Вот сейчас, я увидал твой портрет, большой, — «Девушка с цветами»… — метнулось сердце, и — заплакал. Ты, светлая, но где же ты — девушка моя с цветами?! Как хотел бы вспомнить «Свете тихий»… — но у меня нет его. Вот это… — все же _н_а_ш_а_ жизнь была! Пусть _т_а_к_а_я_ только, но — была, жизнь! А теперь — ты обратила ее, эту скудную (и какую же _б_о_г_а_т_у_ю!) жизнь — в — пустоту, в ничто, в не-бытие. За-чем?! Верни же мне хоть призрак девушки с цветами, мой текучий образ — милый образ — девушки в церкви, в хлебах, теплым, июльским вечером… верни… верни… я так беден, у меня ничего не осталось… верни, Оля!

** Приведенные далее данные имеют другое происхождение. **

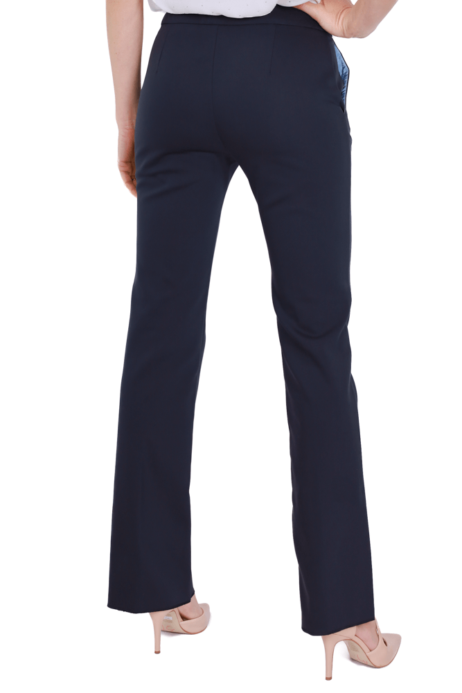 Pantalone dritto leggermente flare con tasche america in tessuto tecnico stretch
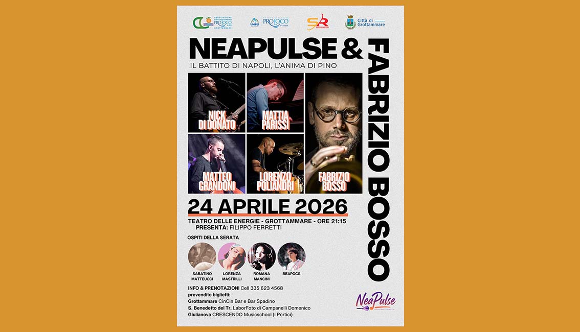GROTTAMMARE – Dopo il successo della stagione di “Commedie Nostre” – che vedrà la serata di Gala sabato 25 aprile con l’esibizione della Compagnia “Gli amici del teatro” di Loro Piceno e le attesissime premiazioni del Grottammare Mask 2026 con la presentazione straordinaria di Alessia Rivosecchi – da non perdere anche l’appuntamento musicale “Neapulse – Il battito di Napoli, l’anima di Pino” in programma venerdì 24 aprile al Teatro delle Energie di Grottammare. Un progetto nato da un’idea di Nick Di Donato e Stefano Romani. Uno spettacolo intenso e vibrante che celebra la musica e lo spirito di Pino Daniele, tra blues, jazz e radici partenopee, con video storici di Pino e dei suoi grandi amici-musicisti con cui ha collaborato nell’arco degli anni. Special Guest Fabrizio Bosso, trombettista tra i più apprezzati della scena jazz internazionale, capace di unire tecnica straordinaria, lirismo ed energia, con collaborazioni che spaziano dal jazz al pop d’autore. Sul palco un gruppo di grandi musicisti, uniti dalla passione e dal rispetto per una musica che continua a parlare al cuore: Nick Di Donato (voce e chitarre), Mattia Parissi (tastiere e synth), Matteo Grandoni (basso e contrabbasso), Lorenzo Poliandri (batteria). Una serata arricchita dalla partecipazione di tanti ospiti d’eccezione. Presentazione a cura di Filippo Ferretti. Una realizzazione SR Video Promotion e Pro Loco di Grottammare Associazione Lido degli Aranci, con il patrocinio della Città di Grottammare. Info e biglietteria: 335.6234568, prezzo biglietti numerati 12 euro. Come di consueto ormai per la realtà grottammarese si prevede un nuovo sold out, pertanto gli organizzatori invitano a prenotare gli ultimi posti disponibili per condividere l’esperienza di un viaggio musicale da vivere, non solo da ascoltare.
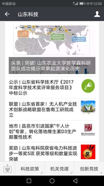 8月15日晚,山东省科技厅官方微信“山东科技”以《头条|突破!山东农业大学陈学森科研团队成功揭示苹果起源演化历史》为题,对新闻进行了主题推送。文章说,近年来,陈学森带领研究团队围绕新疆野苹果资源的保护、发掘、创新与利用开展攻关,以“高类黄酮苹果育种”为核心,构建了新疆红肉苹果与苹果品种杂种一代、二代分离群体,明确了新疆野苹果遗传多样性特征及性状遗传变异特点,提出了苹果类黄酮生物合成的转录调控网络,创建了“果树多种源品质育种法”“易着色苹果品种培育法”及“三选两早一促的苹果育种法”等优质高效育种技术体系,创制了一批新品种及优异种质,建立了新品种配套高效生产技术体系。目前,已授权和申报发明专利52项,育成并审定苹果优质红色芽变新品种8个及高类黄酮苹果新品系10个。
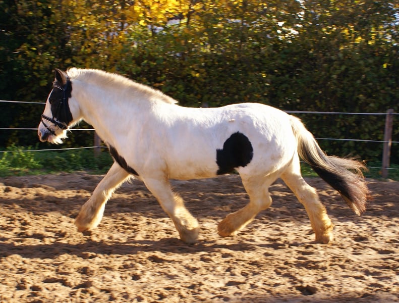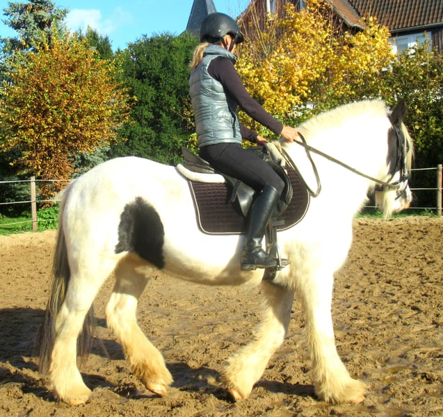 Tinkerstute mit einem blauen Auge, artig im Umgang und beim Reiten, schmiede- und verladefromm, keine Mauke oder Rehe, kennt Hunde und Traktoren, nicht schreckhaft
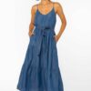 A soft and lightweight, blue tiered dress made from Tencel?. This dress features a v-neckline, a self-belt at the waist with a flowy tiered skirt.
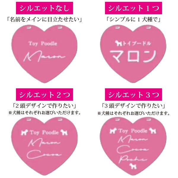 プレートデザインは34種類からお選びいただけ、犬用シルエットは200種類以上、猫用シルエットは60種類以上をご用意しました。さらに、QRコードを入れることも可能。愛するわが子のお名前や特別なメッセージを入れることで、世界にひとつだけのプレートが完成します!!
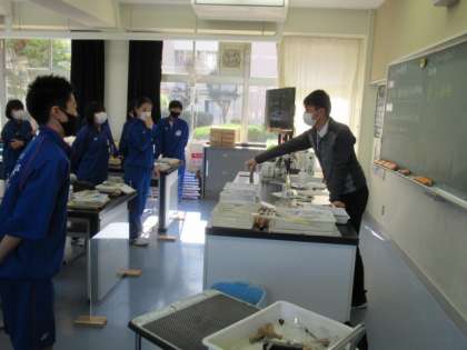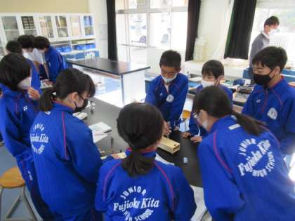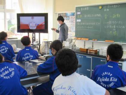 1年生の理科では、音の正体と伝わり方について学習を進めています。まずは、人と話す、机を叩く、糸電話で話すなどを実際にやってみて共通点を探りました。また、音叉を使っての実験を通して、音の正体は“振動”であることを学習しました。鳴り続ける目覚まし時計を置いた入れ物の中を真空にすると音が聞こえなくなり、空気を入れると再び音が聞こえてくることを実験映像で見ると、生徒は目を輝かせて音の正体を実感していました。
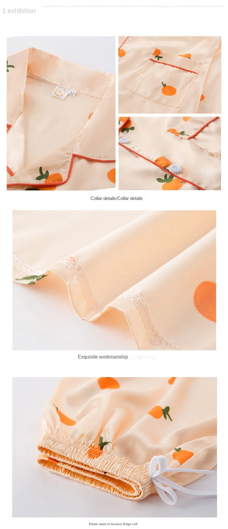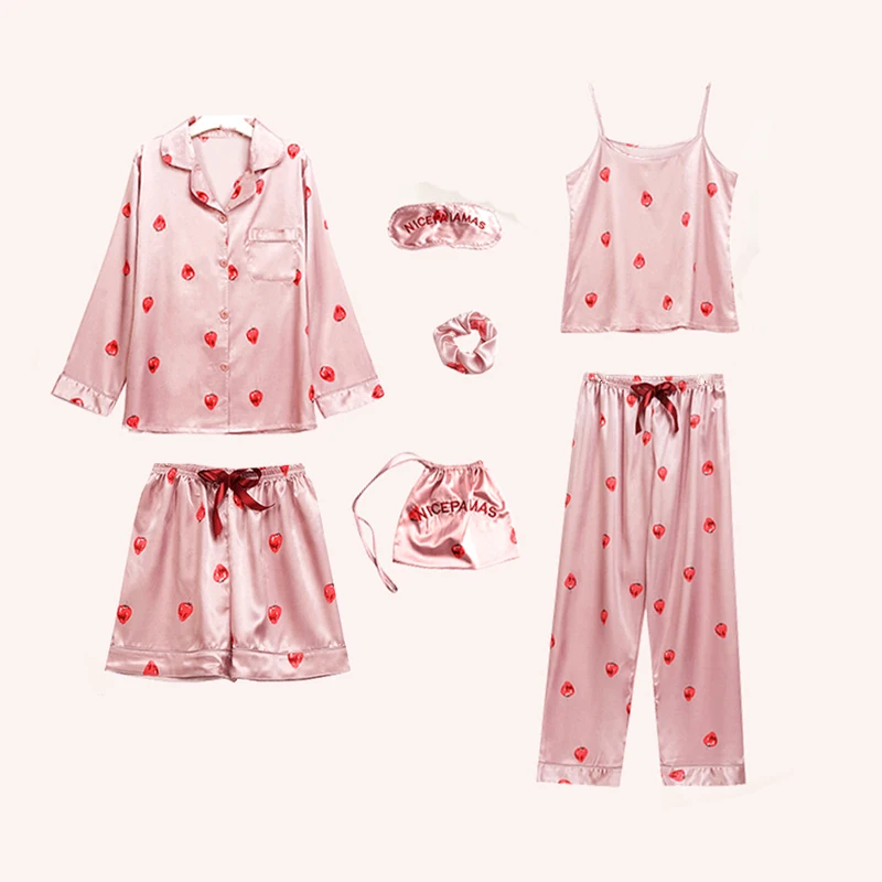 Women Pajamas Sets Spring Summer 7 Pcs Set Silk Print Shorts Long S...
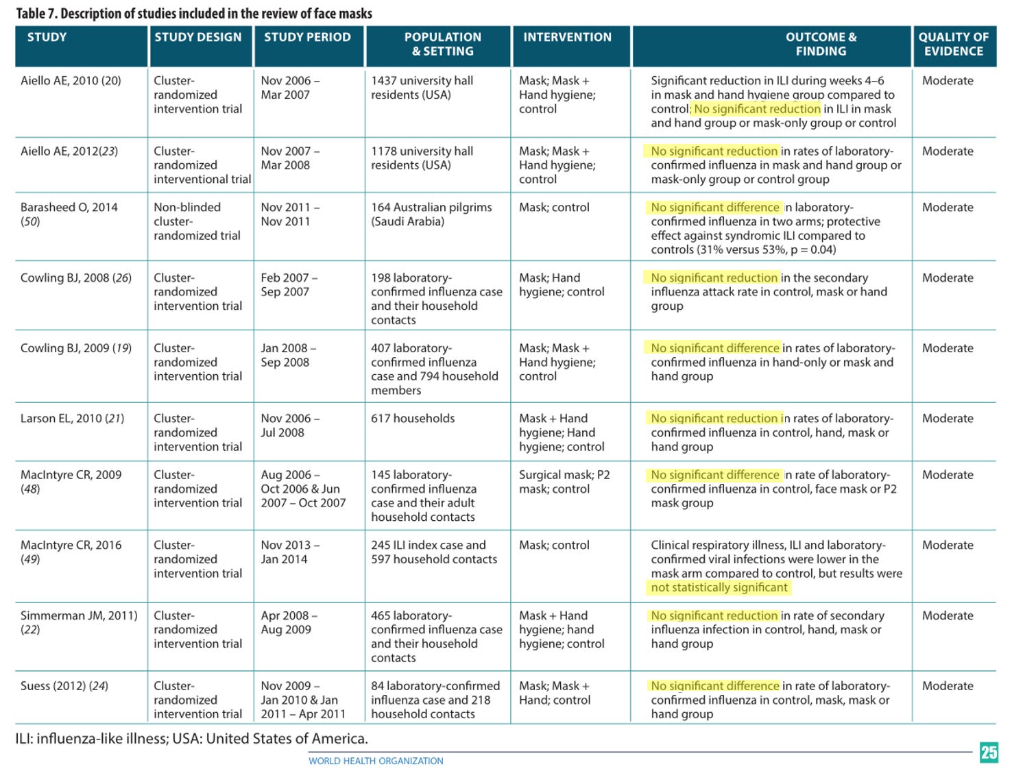 WHO: 2019 review of face mask RCTs (WHO report/annex)
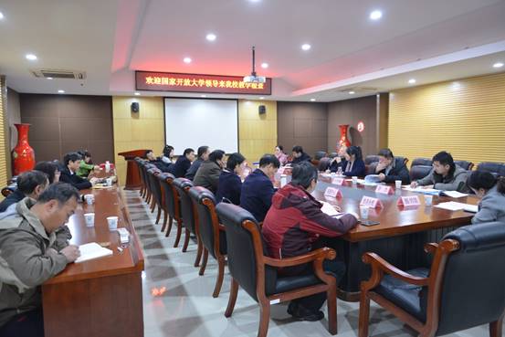 11月29日上午,北京市教委高教处处长刘承邠,国家开放大学质量监控与评价中心主任韩仪等一行六人来校对电大进行教学检查。我校党委书记胡大平、校长马蜂、副校长王路群及相关部门负责人参加教学检查会议。
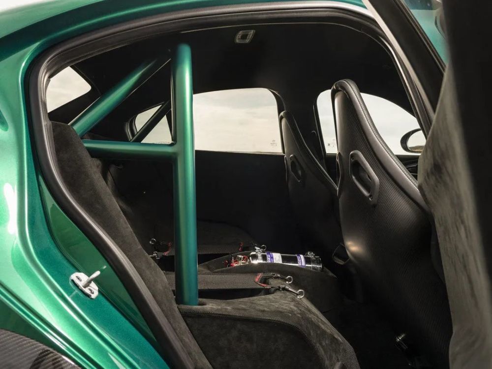 既然是竞技、赛道化,那赛车桶椅肯定是必备的装备,可惜的是由于国内的法规的问题,取消掉了四点式安全带,但你可以通过后期改装,配备回来。值得一提的是,为达到极致的轻量化,前车门的拉手,均换装成编织带式。
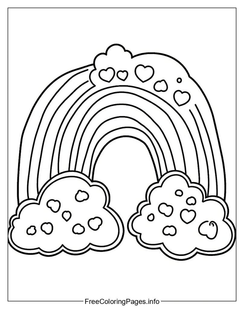 • 3. Color hearts on the clouds: Rainbow images usually depict a cloud at either end of the rainbow. Use red, pink, purple or any other color you like to draw several hearts on each cloud.
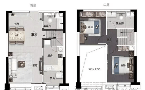 百变LOFT|66.99㎡ 两房两厅两卫:宽敞明亮的两居室,配备独立卫生间,适合家庭居住。
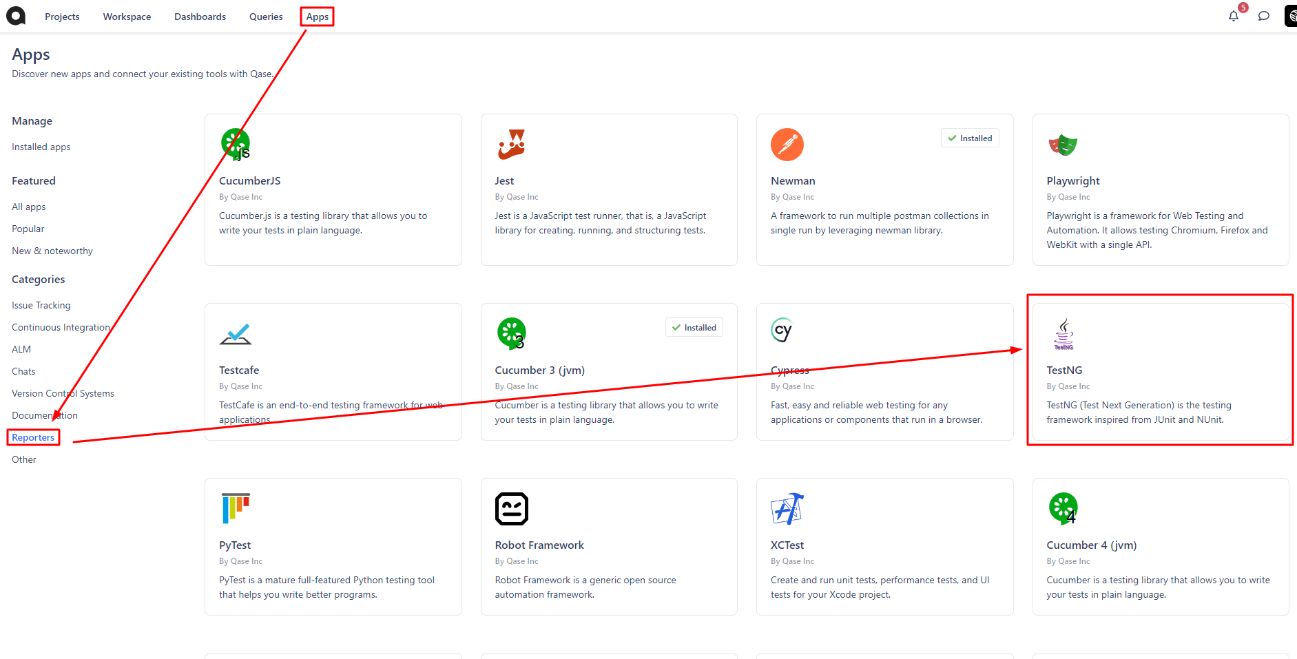 Navigate to the Apps page and switch to the "Reporters" section, then click the "TestNG" card:
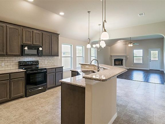 This stunning Havasu plan showcases a country-like front porch, giving you the quiet and rustic feel of the country, while still being in the heart of Azle! With the kitchen boasting dark cabinets, light countertops, and sleek subway tile, this home gives such a luxurious feeling! The dark hardwood flooring in the family room is perfect for any furniture and décor! Schedule your private showing today!

Последним усилием верни мне призрак жизни, мой бедный отсвет неживого _с_ч_а_с_т_ь_я-призрака… — этим ответь мне на все, что от меня брала душой, что я мог отдать тебе… верни… не могу, не вижу ничего от слез, все застлано… но мне легче… Они и на письмо упали, эти слезы… последние. Больше не будет и их, иссякло. И ты — знаю — ты ни в чем не повинна, не смею укорить, _з_н_а_ю… боль твою знаю, родная Оля моя… знаю. И — бессилие. Ну, Господь с тобой, родная детка… м. б. Он услышит. И пошлет сил, и выход из этого чуждого нам мрака. Ваня
Христос Воскресе! Целую. Глаза мои милые целую. Не знаю, смогу ли писать больше, не знаю. У меня не будет Св. Дня…
И вот, в такой подавленности, мне приходится публично читать (я выбрал только «Рождество в Москве» — последний рассказ, на 1/2 часа) в помощь престарелым, забытым жизнью, лишенным крова, — не мог отказать, в воскресенье 11-го IV. Последнее усилие, во-имя… во-имя тебя, Олюша.
Больше я не смею писать: м. б. это еще хуже молчания? Скажу последнее: Оля, Христос Воскресе! Воскресни!
36
О. А. Бредиус-Субботина — И. С. Шмелеву
17. IV.43[71]
Христос Воскресе!
Ванюшечка мой, родная душенька, солнышко мое, крепко целую тебя, мое счастье, и по-пасхальному, и еще просто «не в счет» много, много раз.
Милунчик ты мой, будь радостен и светел ты в этот Великий день. «И ничто же земное в себе да помышляет…» 207 поется в скорбные дни страданий Христа, а я скажу, что и в светлой радости Воскресения Христова грешно нам иное помышлять. Ванюшеночек мой, мне не хочется в этом пасхальном письме касаться того мрака… Но ты не думай, что я увертываюсь. Я все, все тебе объясню и скажу, и ты увидишь, солнышко, что тебе не надо так унывать. И ты м. б. и меня поймешь и увидишь, что это все совсем не то, что ты думаешь.